Anna was a gentle person. She’d never in her life been in a fight. She’d never been in a major accident. The worst pain she’d ever felt before was childbirth, and the endorphins that had followed had mostly erased it from her memory. To suddenly be so hurt in so many different places at once left her dazed and with a sort of directionless anger. It wasn’t fair that a person could be hurt so much. She wanted to yell at the crash couch that had betrayed her by letting this happen, and she wanted to punch the ceiling for hitting her in the face, even though she’d never thrown a punch in her life and could barely move her arms.

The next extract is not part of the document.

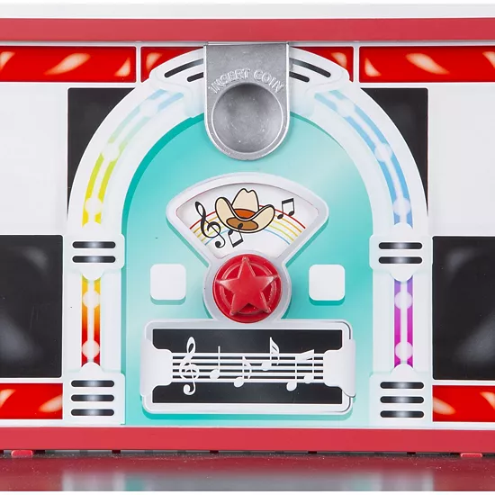 - Booth side includes jukebox with spinning dial and coin to drop in slot; spinning cake plate on pass-through shelf

When she could finally move without feeling light-headed she went looking for help and found that the corridor outside her room was worse.

Just a few meters from her door, a young man had been crushed. He looked as though a malevolent giant had stomped on him and then ground him under its heel. The boy was not only smashed, but torn and twisted in ways that barely left him recognizable as a human. His blood splashed the floor and walls and drifted around his corpse in red balls like grisly Christmas ornaments.

Anna yelled for help. Someone yelled back in a voice filled with liquid and pain. Someone from farther down the corridor. Anna carefully pushed off the doorjamb of her room and drifted toward the voice. Two rooms down, another man was half in and half out of his crash couch. He must have been in the process of getting out of bed when the deceleration happened, and everything from his pelvis down was twisted and broken. His upper torso still lay on the bed, arms waving feebly at her, his face a mask of pain.

“Help me,” he said, and then coughed up a glob of blood and mucus that drifted away in a red-and-green ball.